Veteran developer Scott Nixon (SpongeBob SquarePants: Employee Of The Month), who has created kid-friendly games for over 10 years, presents a detailed, intriguing piece on the concept of 'piggybacking' - making games that "simultaneously entertain both a child player and an adult spectator... on wholly different levels"

Scott Nixon, Blogger

December 10, 2007

15 Min Read

Every once in a while a game comes along that defies the traditional age group stratification. Chess, Tetris, and Super Mario Bros. are all examples of games that can be mastered and enjoyed by players from both ends of the ontogenetic spectrum.

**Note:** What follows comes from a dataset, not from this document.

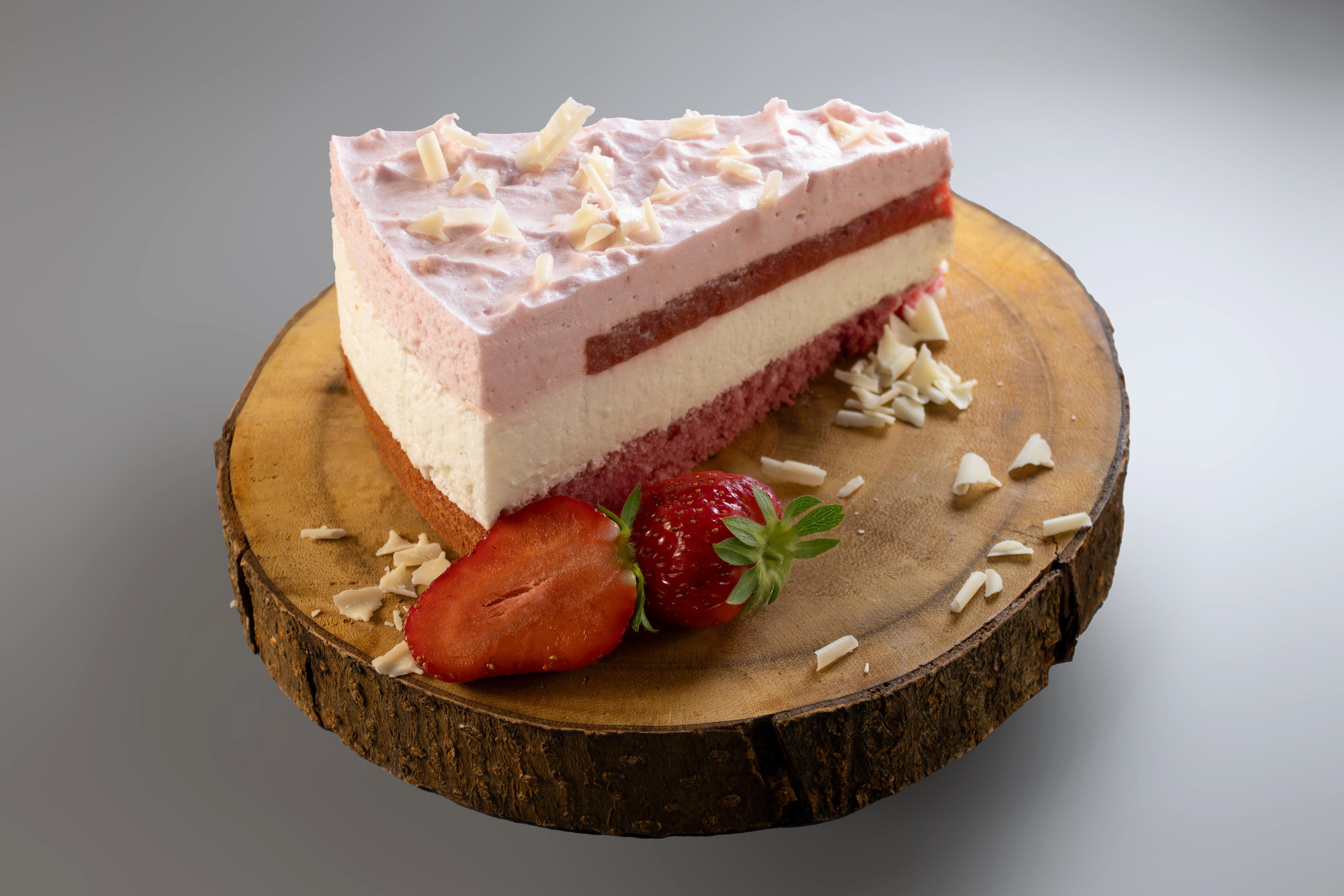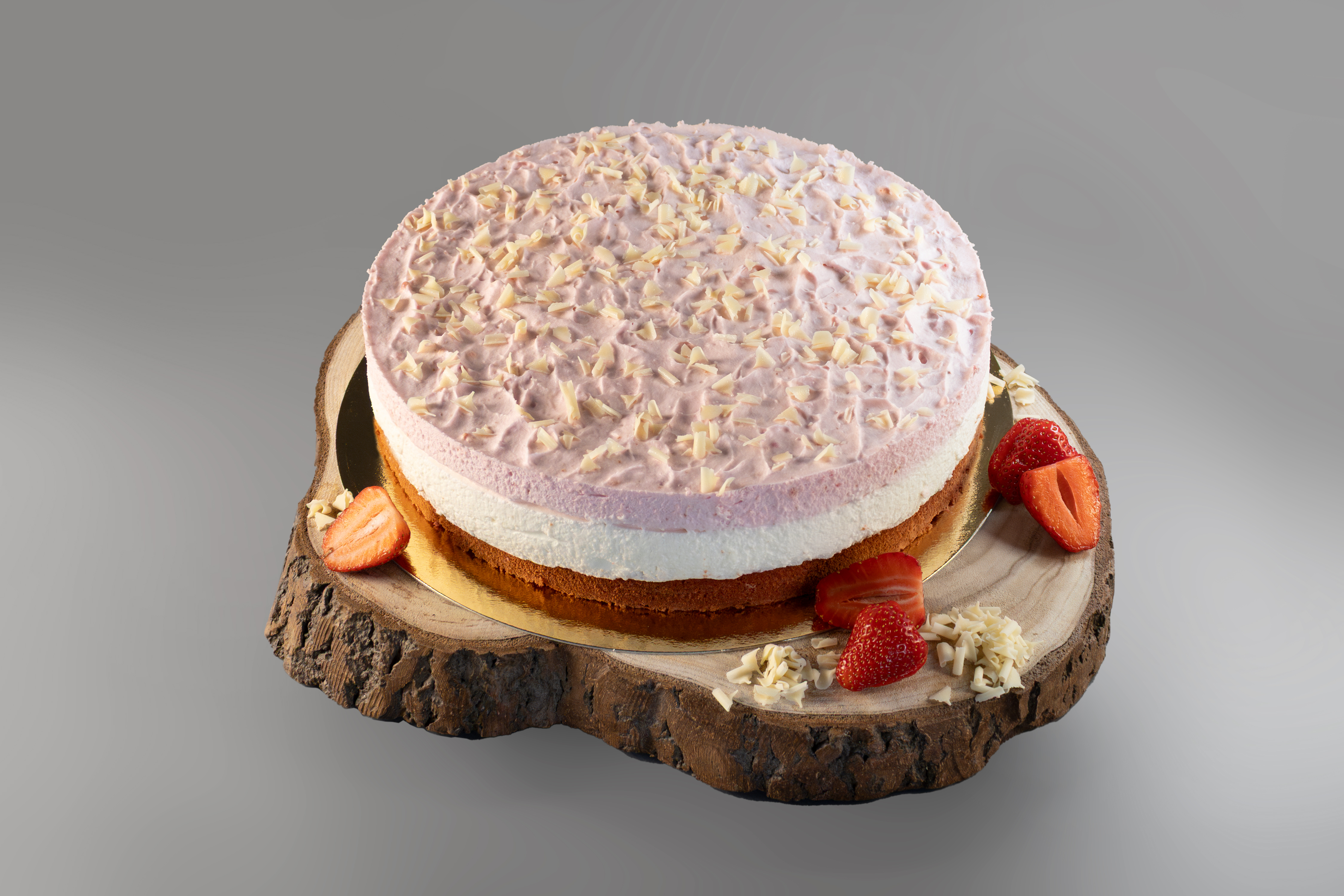 Sahnetorte bestehend aus einem rosa Biskuitboden, darüber eine Schicht weiße Schokosahne und eine Schicht Erdbeersahnesahne mit fruchtiger Füllung. Oberfläche mit weißen Schokospänen verziert.

Realistically, however, the vast majority of games are iterative rather than revolutionary. These games tend, by virtue of either their mechanics or their storyline, to appeal only to a specific age range. Scant development resources and the limits of human ingenuity simply do not permit the bottling of lightning. However, if we rein in our expectations a little, there are ways to incrementally increase a game's target age radius, and one of these methods is Piggybacking.

Within the confines of this article, Piggybacking refers to a technique that simultaneously entertains both a child player and an adult spectator, if there is one, on wholly different levels. It allows the spectator to elevate themselves from audience member to bit player by acknowledging their existence and occasionally playing to them, as well as allowing them to play back.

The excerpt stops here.